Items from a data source

•••

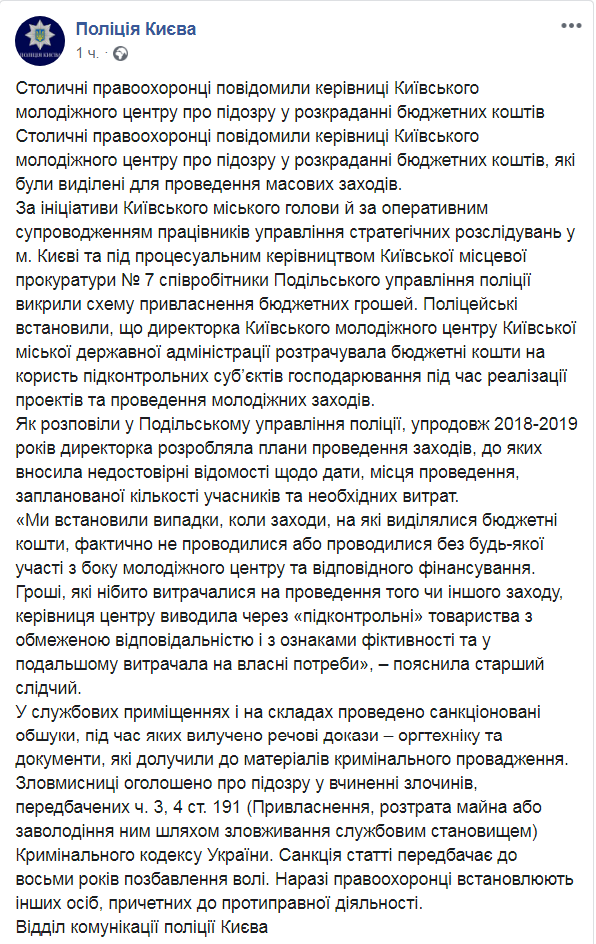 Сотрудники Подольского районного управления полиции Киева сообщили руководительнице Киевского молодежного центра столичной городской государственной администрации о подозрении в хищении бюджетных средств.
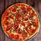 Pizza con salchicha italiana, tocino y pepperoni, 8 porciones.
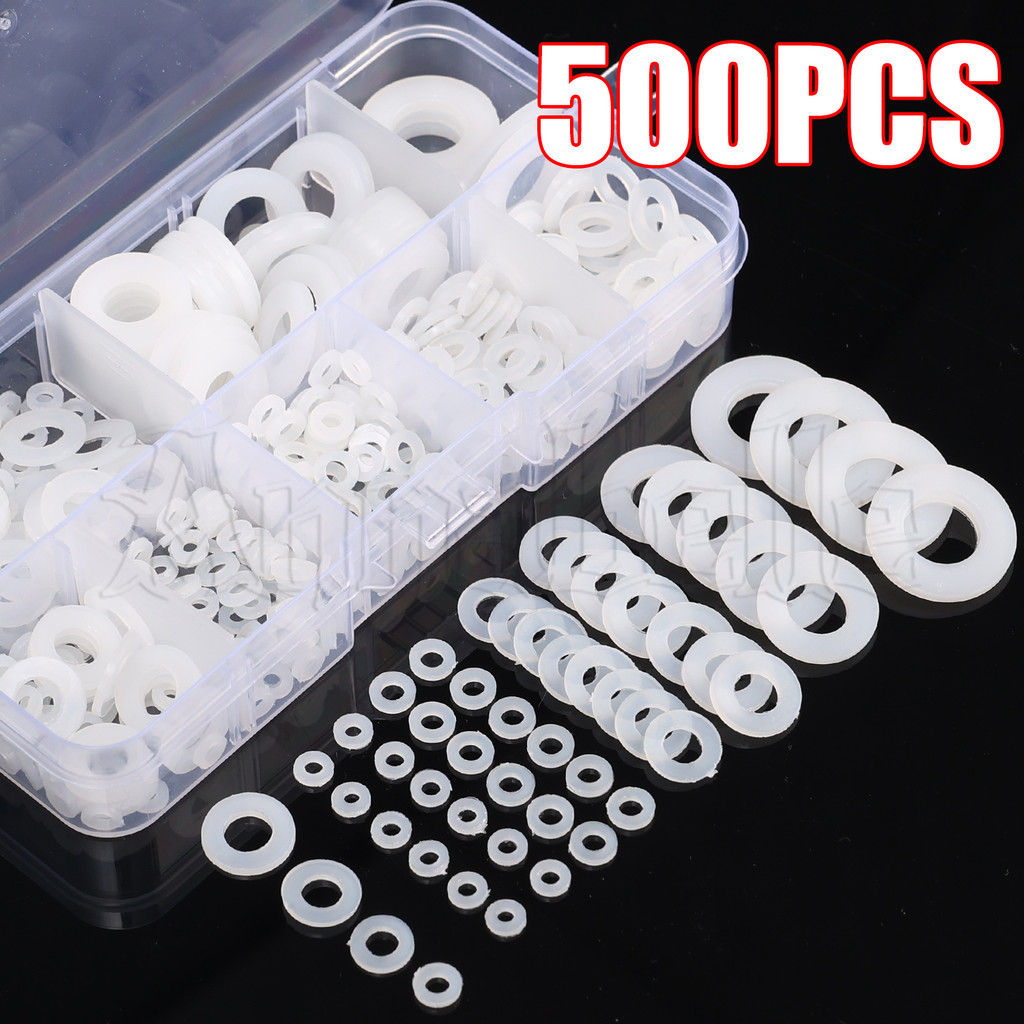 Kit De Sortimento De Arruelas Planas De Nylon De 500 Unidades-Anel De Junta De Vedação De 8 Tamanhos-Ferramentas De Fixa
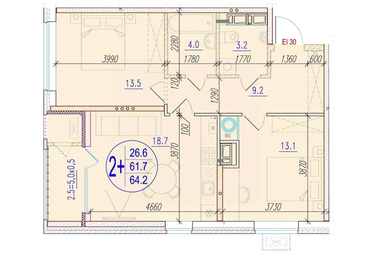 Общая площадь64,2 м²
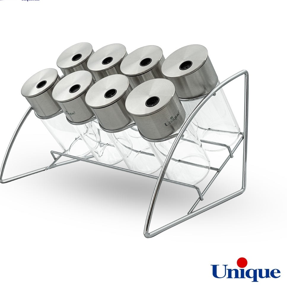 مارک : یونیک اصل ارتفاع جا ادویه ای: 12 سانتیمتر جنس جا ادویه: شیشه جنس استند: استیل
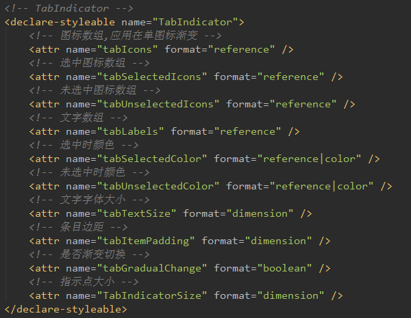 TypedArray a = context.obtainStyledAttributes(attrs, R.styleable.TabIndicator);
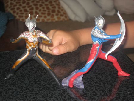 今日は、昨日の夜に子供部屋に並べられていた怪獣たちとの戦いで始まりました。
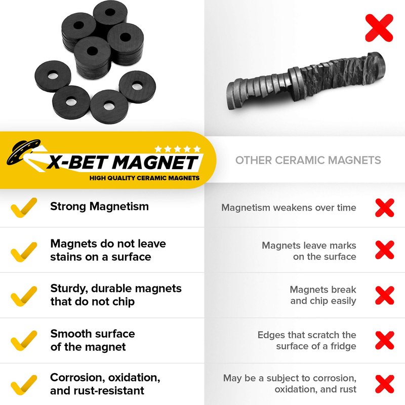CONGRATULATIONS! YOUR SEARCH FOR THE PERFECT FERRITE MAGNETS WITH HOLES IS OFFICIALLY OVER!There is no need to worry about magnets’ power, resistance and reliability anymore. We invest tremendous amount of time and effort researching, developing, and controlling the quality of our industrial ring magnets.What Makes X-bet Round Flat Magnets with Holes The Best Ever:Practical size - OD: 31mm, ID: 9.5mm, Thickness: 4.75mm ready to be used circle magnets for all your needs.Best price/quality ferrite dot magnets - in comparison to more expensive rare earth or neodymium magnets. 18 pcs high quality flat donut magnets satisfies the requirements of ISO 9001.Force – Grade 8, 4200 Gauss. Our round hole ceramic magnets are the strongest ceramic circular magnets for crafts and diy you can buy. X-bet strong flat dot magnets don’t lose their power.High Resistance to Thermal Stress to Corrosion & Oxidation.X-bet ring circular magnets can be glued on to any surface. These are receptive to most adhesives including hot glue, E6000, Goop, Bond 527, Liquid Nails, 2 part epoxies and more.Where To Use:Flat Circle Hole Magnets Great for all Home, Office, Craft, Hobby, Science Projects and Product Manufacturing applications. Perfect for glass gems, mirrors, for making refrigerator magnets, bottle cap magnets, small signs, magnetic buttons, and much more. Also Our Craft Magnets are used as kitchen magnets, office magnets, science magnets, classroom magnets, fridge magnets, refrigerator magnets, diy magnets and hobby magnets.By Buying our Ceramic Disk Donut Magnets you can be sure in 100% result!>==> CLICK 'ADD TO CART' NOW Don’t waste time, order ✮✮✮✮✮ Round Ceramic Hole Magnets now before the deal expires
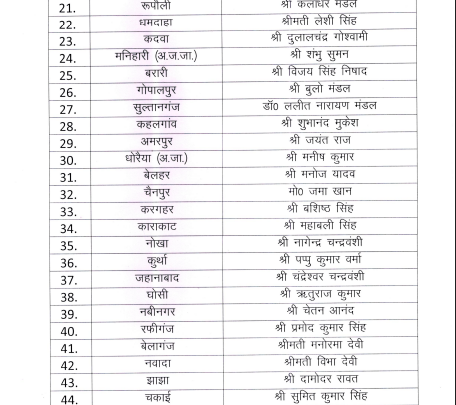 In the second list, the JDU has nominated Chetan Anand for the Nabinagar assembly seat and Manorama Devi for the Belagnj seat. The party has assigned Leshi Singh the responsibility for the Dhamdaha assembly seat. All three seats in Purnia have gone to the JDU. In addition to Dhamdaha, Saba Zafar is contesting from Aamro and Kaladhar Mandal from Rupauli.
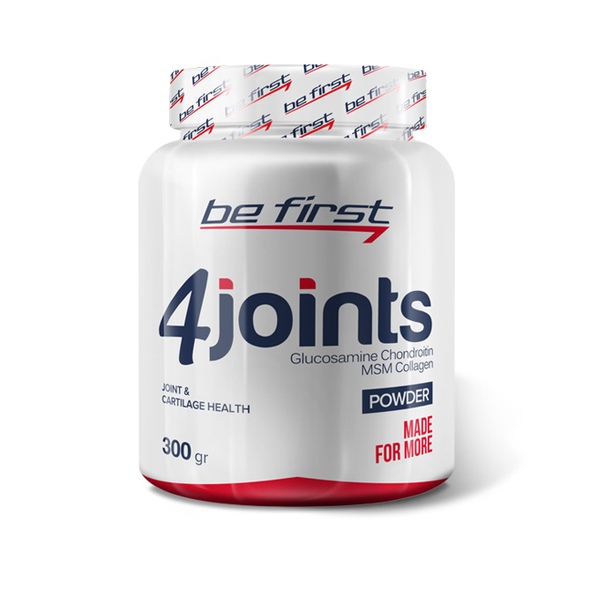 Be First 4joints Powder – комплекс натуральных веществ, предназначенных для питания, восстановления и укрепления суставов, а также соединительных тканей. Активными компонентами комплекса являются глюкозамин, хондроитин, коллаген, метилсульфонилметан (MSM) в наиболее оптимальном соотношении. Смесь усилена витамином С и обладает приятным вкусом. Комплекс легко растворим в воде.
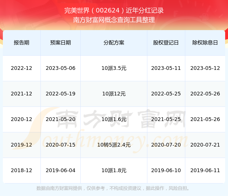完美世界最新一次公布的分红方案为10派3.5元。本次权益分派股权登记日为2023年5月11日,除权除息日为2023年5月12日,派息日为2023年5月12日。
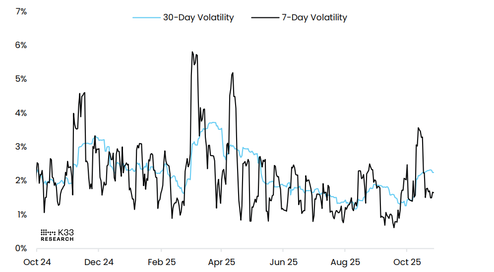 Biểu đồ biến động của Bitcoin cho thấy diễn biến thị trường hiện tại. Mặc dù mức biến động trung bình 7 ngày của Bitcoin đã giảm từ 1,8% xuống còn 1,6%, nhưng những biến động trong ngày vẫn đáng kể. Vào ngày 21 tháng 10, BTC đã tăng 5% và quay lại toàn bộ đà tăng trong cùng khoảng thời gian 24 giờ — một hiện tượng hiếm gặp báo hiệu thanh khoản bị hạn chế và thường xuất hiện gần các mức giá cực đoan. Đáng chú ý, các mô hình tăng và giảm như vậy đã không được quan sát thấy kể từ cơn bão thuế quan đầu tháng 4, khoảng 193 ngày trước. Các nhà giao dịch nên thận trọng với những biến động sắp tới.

•••

Try it
Using the records above, print exactly the run of lines that starts with the line with "مارک : یونیک" and goes on through the line with "CONGRATULATIONS! YOUR SEARCH", pictures excluded.

Expected output
 مارک : یونیک اصل ارتفاع جا ادویه ای: 12 سانتیمتر جنس جا ادویه: شیشه جنس استند: استیل
 TypedArray a = context.obtainStyledAttributes(attrs, R.styleable.TabIndicator);
 今日は、昨日の夜に子供部屋に並べられていた怪獣たちとの戦いで始まりました。
CONGRATULATIONS! YOUR SEARCH FOR THE PERFECT FERRITE MAGNETS WITH HOLES IS OFFICIALLY OVER!There is no need to worry about magnets’ power, resistance and reliability anymore. We invest tremendous amount of time and effort researching, developing, and controlling the quality of our industrial ring magnets.What Makes X-bet Round Flat Magnets with Holes The Best Ever:Practical size - OD: 31mm, ID: 9.5mm, Thickness: 4.75mm ready to be used circle magnets for all your needs.Best price/quality ferrite dot magnets - in comparison to more expensive rare earth or neodymium magnets. 18 pcs high quality flat donut magnets satisfies the requirements of ISO 9001.Force – Grade 8, 4200 Gauss. Our round hole ceramic magnets are the strongest ceramic circular magnets for crafts and diy you can buy. X-bet strong flat dot magnets don’t lose their power.High Resistance to Thermal Stress to Corrosion & Oxidation.X-bet ring circular magnets can be glued on to any surface. These are receptive to most adhesives including hot glue, E6000, Goop, Bond 527, Liquid Nails, 2 part epoxies and more.Where To Use:Flat Circle Hole Magnets Great for all Home, Office, Craft, Hobby, Science Projects and Product Manufacturing applications. Perfect for glass gems, mirrors, for making refrigerator magnets, bottle cap magnets, small signs, magnetic buttons, and much more. Also Our Craft Magnets are used as kitchen magnets, office magnets, science magnets, classroom magnets, fridge magnets, refrigerator magnets, diy magnets and hobby magnets.By Buying our Ceramic Disk Donut Magnets you can be sure in 100% result!>==> CLICK 'ADD TO CART' NOW Don’t waste time, order ✮✮✮✮✮ Round Ceramic Hole Magnets now before the deal expires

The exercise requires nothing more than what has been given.